One day the Perfections and I were chatting on the sidewalk and they told me that fashion magazines, even the big ones, didn’t want to pay them for their work, claiming the exposure they’d get and the portfolio they were building should be adequate compensation. However, landlords don’t take payment in magazine spreads any more than they do in blog posts, so the Lovelies were forced to move out of this neighborhood, all the way to the outskirts of Paris. Shame.
Evidently graphic designers have the same problem. Designer Ben Crick created a manifesto for designers…

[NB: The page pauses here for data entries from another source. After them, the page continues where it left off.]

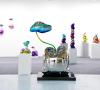 작가는 삶의 여정을 무중력의 행복감이 느껴지도록 푹신한 쿠션, 풍만한 하트, 소파 등 인생의 무게를 완충하는 사물을 통해 표현합니다. 작품을 이룬 금속재질은 심상의 필터로 보면 부유하는 버블처럼 작품에 손을 대면 두둥실 떠오를 것 같아 꿈결을 유영하는 힐링을, 어부바 하듯 서로를 지탱하는 형상은 심리적 위안을 줍니다. 쿠션중앙에 생긴 주름으로 인해 쿠션에서 입술, 꽃잎, 포춘 쿠키 등 다양한 연상으로 뻗어갑니다.
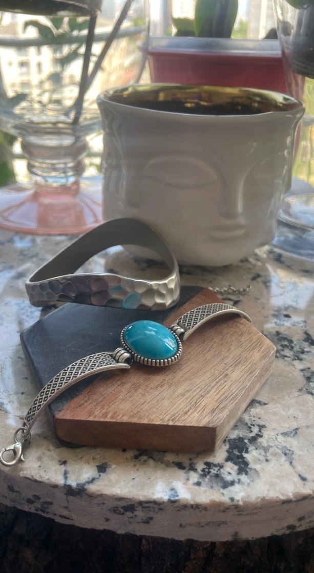 canlı turkuaz taşlı ve dovmeli detaylı 2 bileklik. İkisi için fiyat 200, teki için 75TLdir.
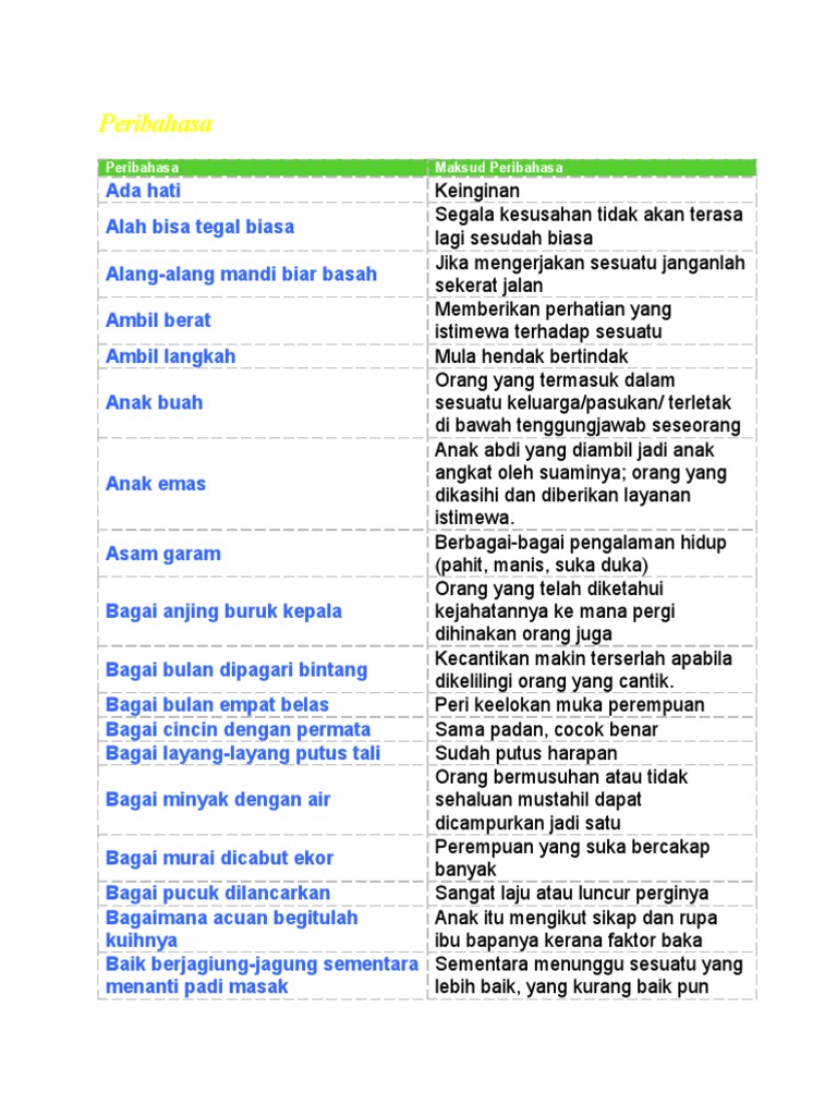 Himpunan Peribahasa Yang Terdapat Dalam Buku Teks Kssr Bahasa Melayu Tahun 4 5 Dan 6

There exists an unfortunate cultural history of exploitation in Visual Communication, and indeed the arts in general. Designers, especially young designers, are expected to work for little or no money, either to prove themselves, gain exposure, or provide spec work.
…and a charming set of posters to illustrate its four main points:
Read the rest of the manifesto and see the other posters…
In a discussion I had with a writer friend the other day on the topic of blogsploitation, I tried to pin down for her why some people (like me) have a problem with being asked to blog for free and maybe why others don’t, and why many websites don’t seem to think there’s anything wrong with not paying their bloggers.
I think part of the problem is the concept of “blogger.” The general consensus (among the kind of people who think Amazon and Facebook are the Internet) seems to be that bloggers are ordinary people — pilots, housewives, nurses, mechanics — who just decided to start writing about whatever popped into their heads. People tend to place blogging in the hobby rather than the profession category, and they write off bloggers and blogs as amateurish and not to be taken seriously. I think traditional media and big online media capitalize on this perception to keep bloggers in a journalistic underclass.
At a certain point, though, if a blogger has been writing enough, and well enough, to have some significant content on the Web to point to, whether or not he or she’s ever been paid for any of it, that blogger should be taken seriously as a writer or a journalist (depending on what he/she blogs about and how).
Blogging is essentially self-directed OJT for writing and/or journalism.
Another part of the problem is related to what a blogger’s profession is in the first place. While a nurse might be excited to blog for a large platform for free (at least at first), a writer might be more indignant about being expected to do so. In my case, I was getting paid to do tech writing, translation and many other kinds of writing for years before I started blogging, so it irks me to write for free unless it’s for a good cause, or to help a friend, or to share something I’m passionate about.
Ideally, if you end up writing for free for a website, there should be a time limit to it. Give ‘em a free sample of the milk, but not a lifetime supply, ya know? Companies should have the courtesy to define trial periods after which they agree to pay for the content you’re producing, vest you in the company, or offer some other arrangement.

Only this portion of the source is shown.